WHAT YOU ARE ASKED TO DO:
Copy out the data below as written; omit any images.

DATA BLOCK:
§ §

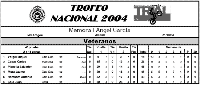 Y en Veteranos, la participación es cada día más escasa, y si antes lo habitual era superar la veintena de pilotos en Alcañiz se tocó fondo con sólo seis. El vencedor era de nuevo Miquel Vergel, que de este modo se adjudicaba el campeonato y terminaba con el dominio ejercido en los últimos años por Carles Casas, que era segundo en Alcañiz seguido de Salvador Planella, y que se tenía que conformar con el subcampeonato. Joan Solé era tercero en la final.
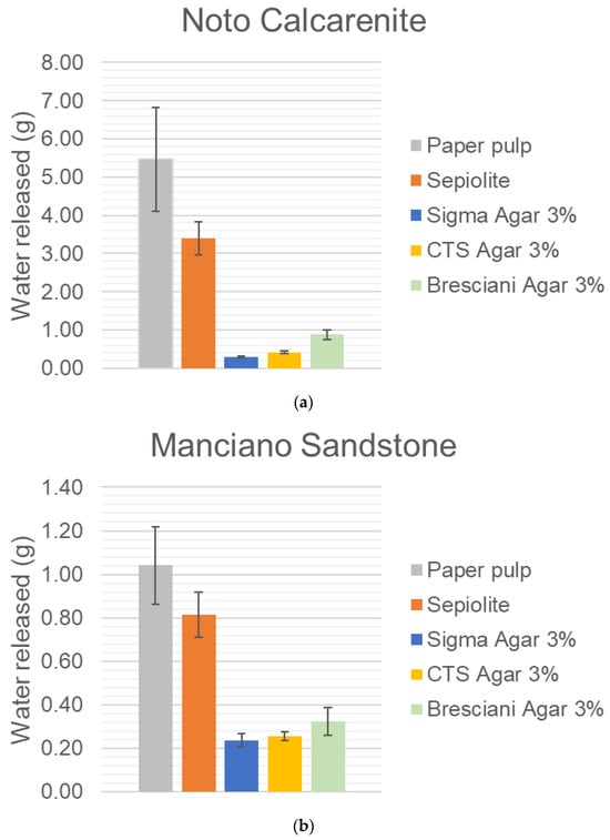 For what concerns the role of Japanese paper, there is a sort of “barrier effect” by the Japanese paper, more evident for Noto stone. In fact, looking at the histograms in Figure 6a,b, it is possible to assess the effect of the presence of Japanese paper, which brings a heavy reduction of the water release from 18 to 76%, depending on the stone and on the agar used. Bresciani agar is more sensitive to the presence of Japanese paper.
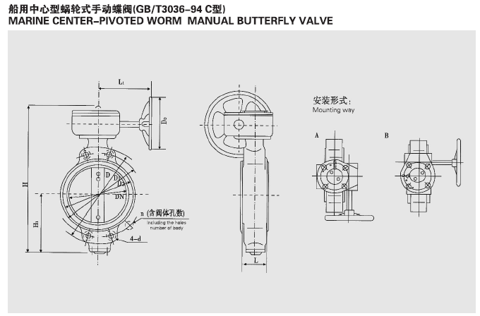 GB/T3036-94 船用中心型涡轮式手动蝶阀C型

§ §

RESPONSE TO THE TASK:
 Y en Veteranos, la participación es cada día más escasa, y si antes lo habitual era superar la veintena de pilotos en Alcañiz se tocó fondo con sólo seis. El vencedor era de nuevo Miquel Vergel, que de este modo se adjudicaba el campeonato y terminaba con el dominio ejercido en los últimos años por Carles Casas, que era segundo en Alcañiz seguido de Salvador Planella, y que se tenía que conformar con el subcampeonato. Joan Solé era tercero en la final.
 For what concerns the role of Japanese paper, there is a sort of “barrier effect” by the Japanese paper, more evident for Noto stone. In fact, looking at the histograms in Figure 6a,b, it is possible to assess the effect of the presence of Japanese paper, which brings a heavy reduction of the water release from 18 to 76%, depending on the stone and on the agar used. Bresciani agar is more sensitive to the presence of Japanese paper.
 GB/T3036-94 船用中心型涡轮式手动蝶阀C型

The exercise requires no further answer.